Until the 1960s, the commercial aviation industry in Europe had about fifteen manufacturers, with insufficient capacity to compete with the American giants Douglas, Boeing and Lockheed. The idea came about that only a European cooperation would make it possible to create a manufacturer powerful enough to produce the future "air buses". Launched in 1966, the project took shape on May 29, 1969 with the signing of a Franco-German agreement for the production of a twin-engine aircraft, the A300 B. The first jumbo jet made in Europe.
The Toulouse-based aircraft manufacturer - named Airbus Industrie in 1970 - began slowly. Only Air France ordered Airbus: six A300 B2s (with 270 seats), delivered in 1974 and 1975.

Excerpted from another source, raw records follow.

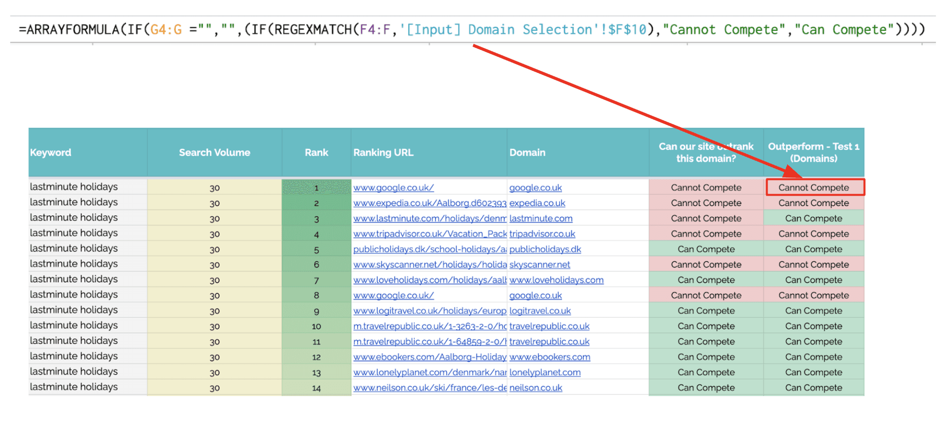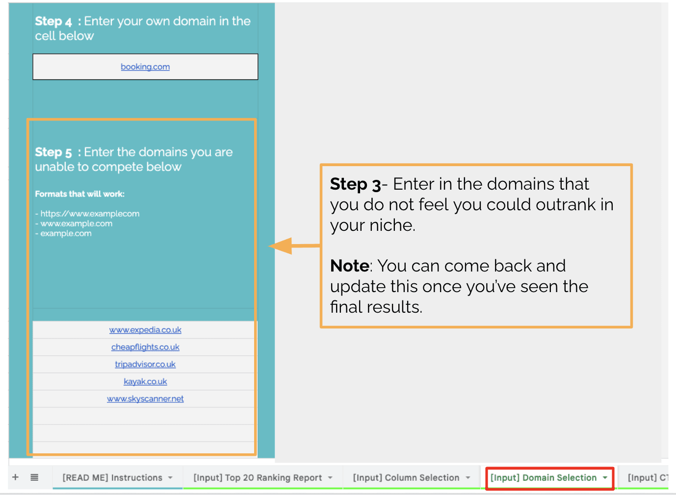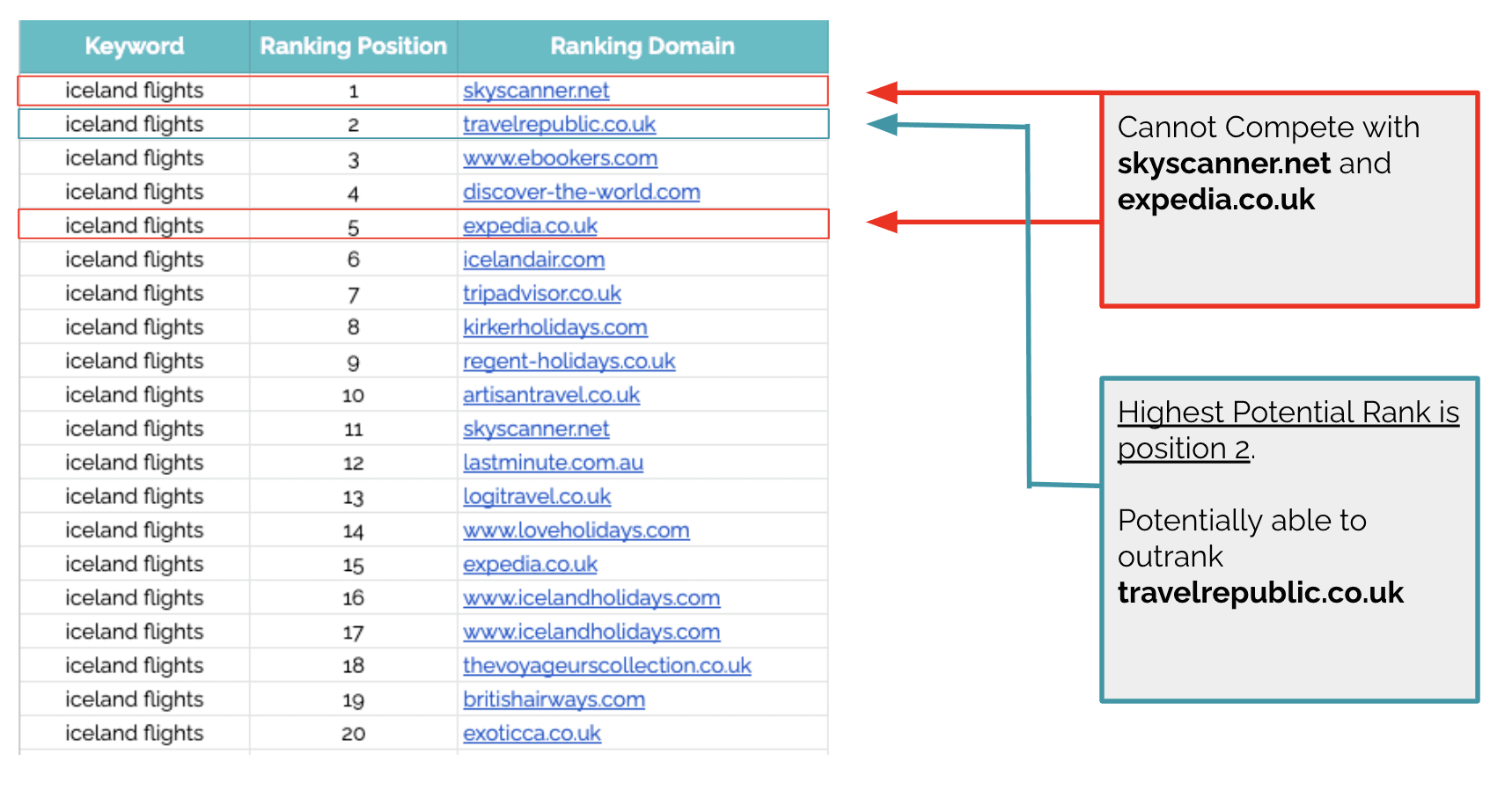 您知道您可能可以对相当多的“航班”术语进行排名,除非有像 expedia.com 这样的比较网站已经排名。因此,您将 expedia.com 添加为要删除的域,现在工作表将为每个关键字找到您可以获得的最佳排名,除了 Expedia 已经出现的位置。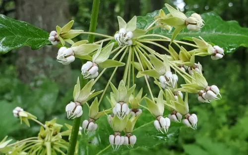 Poke Milkweed, also called Tall Milkweed, can reach heights of around 5 feet and enjoys life on partially shaded side. Its relatively large, oval leaves grow in stark contrast to its delicately drooping clusters of bright white to cream flowers, which bloom in early Summer. Like other milkweeds, Poke Milkweed provides essential support to Monarch Butterflies, which lay their eggs solely on milkweed species. Take your time with any transplants of this species as they can go into dormancy early, and tend to really start shining in their second year.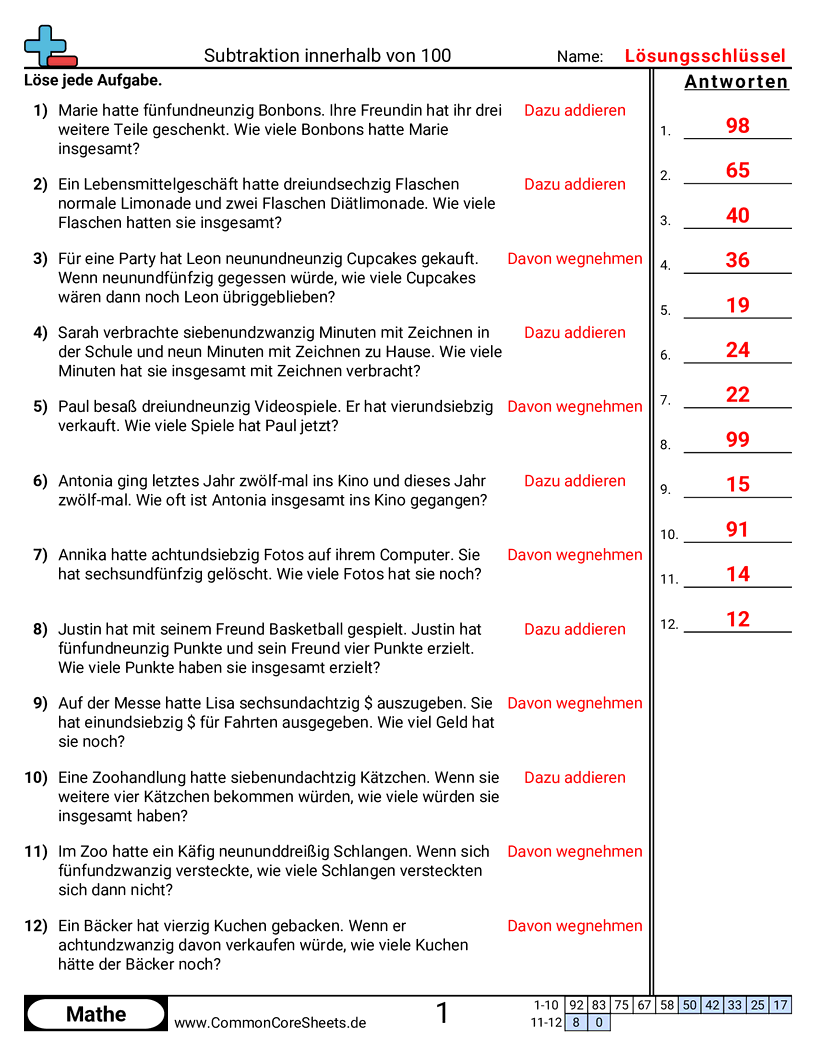 Sachaufgaben zur Subtraktion im Zahlenraum bis 100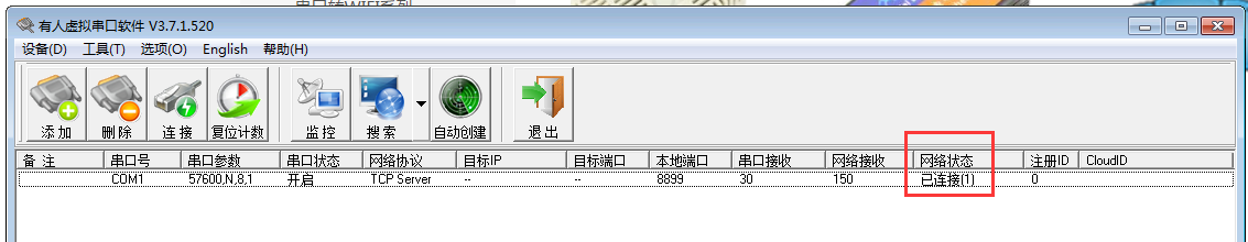如使用一个GPRS DTU建立连接时会在网络状态上显示已连接(1)。网络状态如果一直显示监听状态,请检查之前设置参数是否有误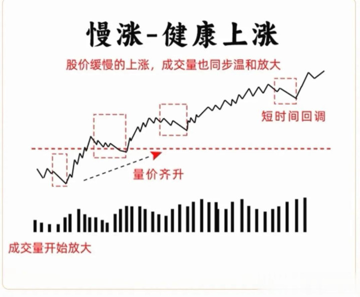 这是最理思的上升口头之一。股价不冷不热,沿着一定的斜率稳步上行,同期成交量也呈现和缓放大的态势。总共进程呈现出“量价皆升”的健康形貌。其间也可能出现短时辰的回调,但回调幅度浅且缩量,很快又会规复上升趋势。这种口头标明多头力量占据主导且潜力糜费,商场持仓心态踏实,后市时常仍有空间。
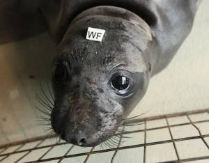 This patient is a northern elephant seal, our second most commonly rescued species. We typically see orphaned pups that have stranded during mid-February to late June. Strong storms often wash these young seals off beaches before they have weaned from their mothers or learned how to survive on their own.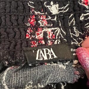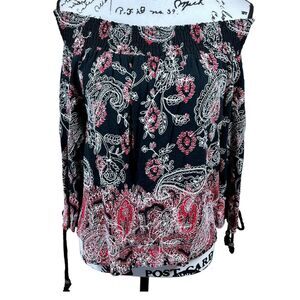 Zara black top Off the Shoulder Paisley Embroidered Blouse size S boho hippie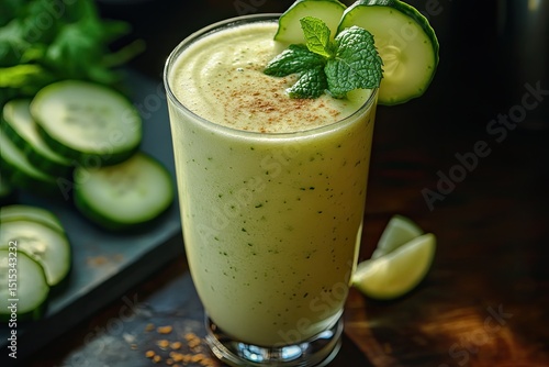 A refreshing cucumber and lime smoothie, garnished with cucumber slices and mint leaves

On May 23, 1974, the Airbus A300 made its first commercial flight from Paris-Charles de Gaulle to London with the Air France livery.
Since then, Airbus and Air France have always enjoyed a close collaboration. The company operated 28 A300s and then 12 A310s, its successor. In 1988, it was the launch airline for the A320, which - in its various different versions (A318, A319, A320 and A321) – became the best-selling aircraft in history, after the Boeing B737. In 2009, it was also the first European airline to commission an A380, the European superjumbo.
In total, Air France has so far ordered more than 310 aircraft from Airbus, which has since become an industry giant.
By the late 1970s, the aircraft manufacturer had captured 10% of the market. With more than 50% of the market today, it is competing for leadership with Boeing.